**Problem statement**.
Look for the line with "2024年新年ポーチロゴ吊りバナー黒金装飾装飾新年パーティー壁ドア掛けバナー" in the data below, then reproduce word for word that line and every line after it. Leave out all pictures and add nothing.

Records contained in a dataset:
=== Section Start ===
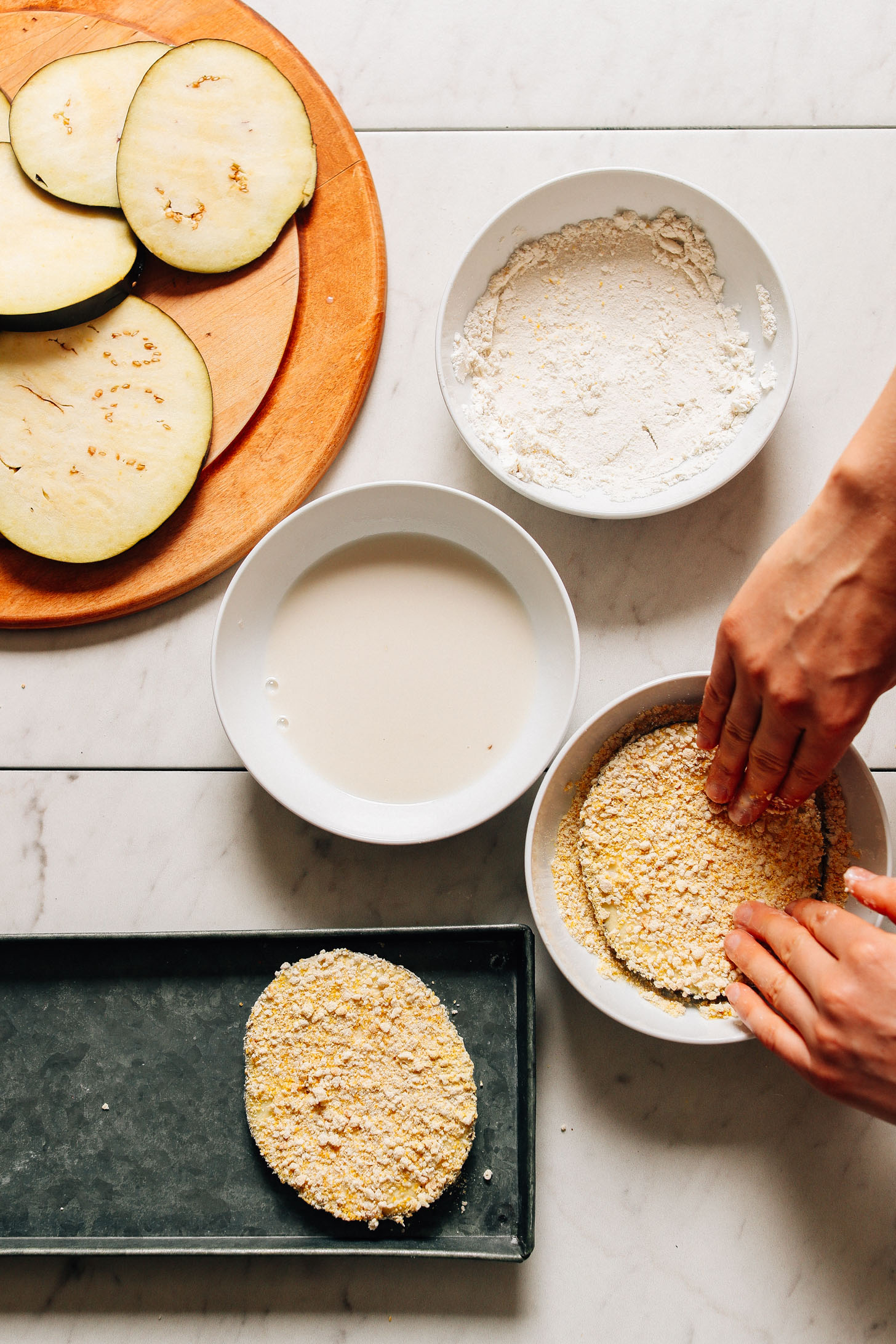 Dip each eggplant slice into the egg mixture, then coat evenly in the breadcrumb mixture.
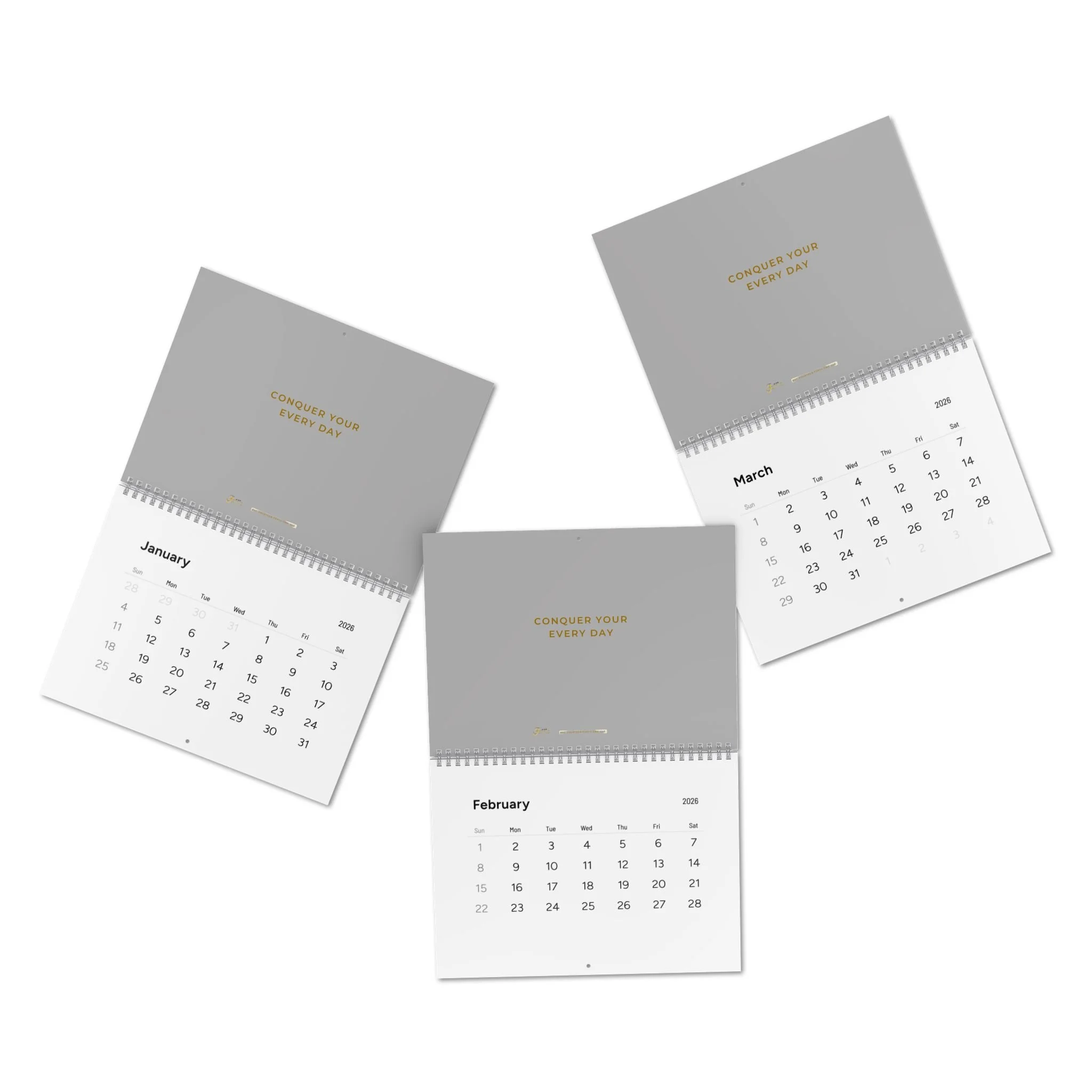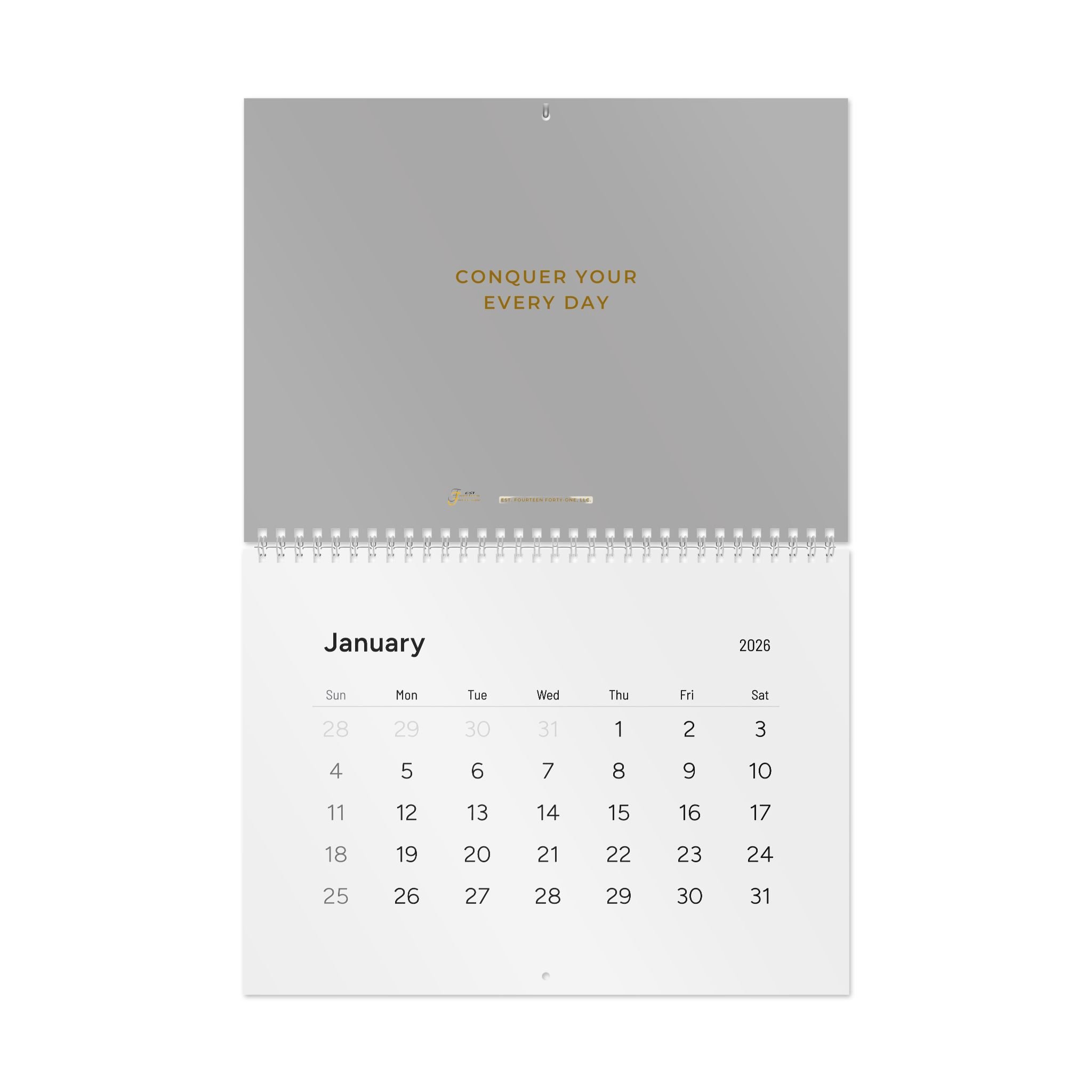 Stay organized and inspired with this gray/grey 2026 Calendar by Est. Fourteen Forty-One, LLC. Conquer Your Every Day tasks at work, school, and home with this planning and organization tool. Perfect for professionals, students, and busy individuals looking to stay on top of their schedules. Relevant to New Year celebrations and back-to-school season. Ideal for busy individuals, families, or anyone looking to add a splash of creativity to their home or office. This calendar is an excellent gift for the New Year, holidays, or any celebration that calls for new beginnings. Whether for personal use or as a thoughtful present, it’s functional art that inspires productivity and positivity throughout the year.
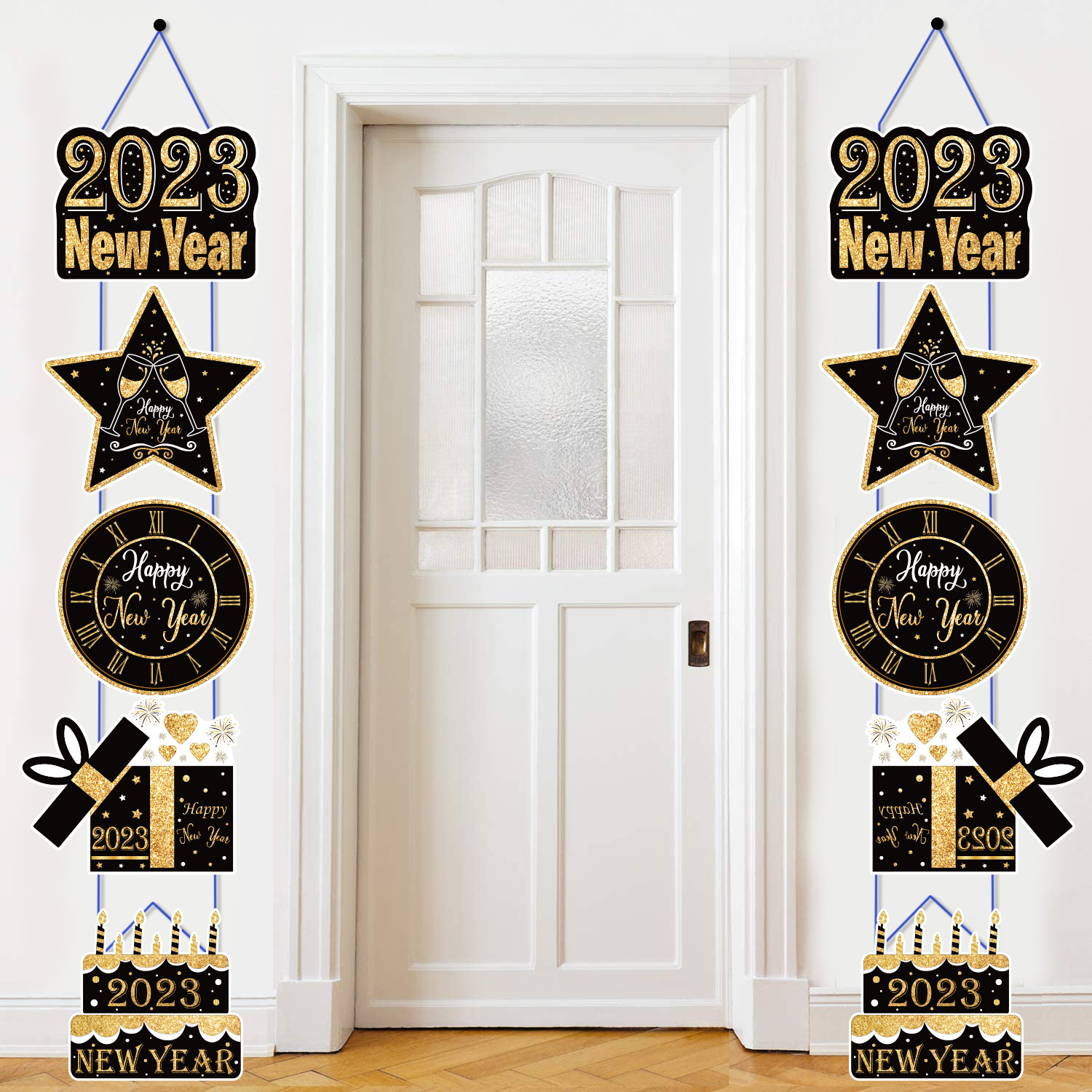 2024年新年ポーチロゴ吊りバナー黒金装飾装飾新年パーティー壁ドア掛けバナー
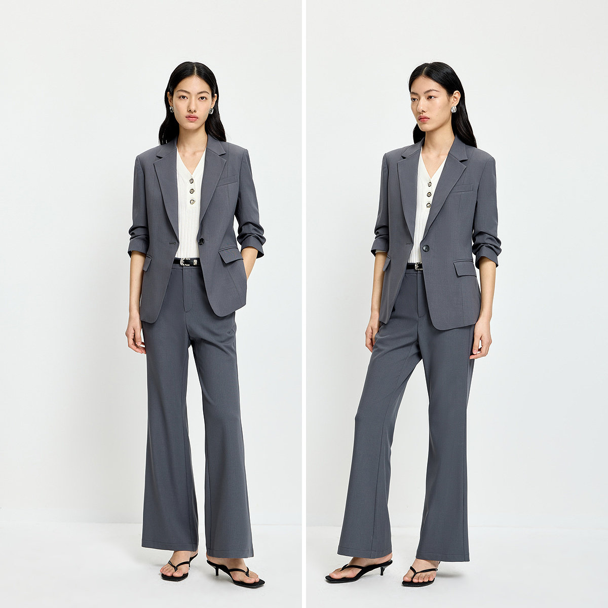 COCOBELLA灰色休闲设计感正肩西装外套女高智感通勤上衣SI3013
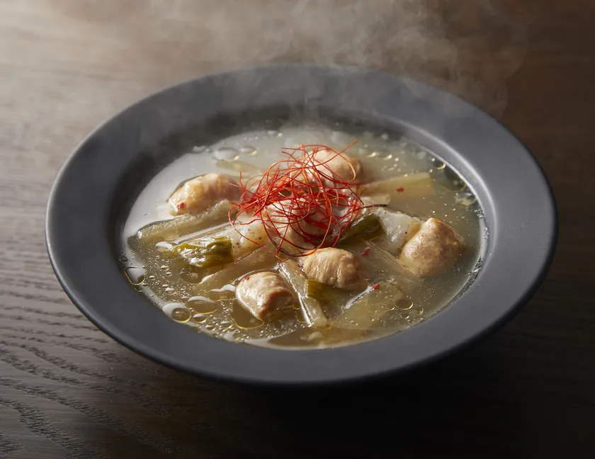 5種類の野菜がたっぷり。かつおぶしと昆布の旨みが溶け込んだスープを、国産ゆずで上品に香り付けしました。
=== Section End ===
**Solved problem**.
 2024年新年ポーチロゴ吊りバナー黒金装飾装飾新年パーティー壁ドア掛けバナー
 COCOBELLA灰色休闲设计感正肩西装外套女高智感通勤上衣SI3013
 5種類の野菜がたっぷり。かつおぶしと昆布の旨みが溶け込んだスープを、国産ゆずで上品に香り付けしました。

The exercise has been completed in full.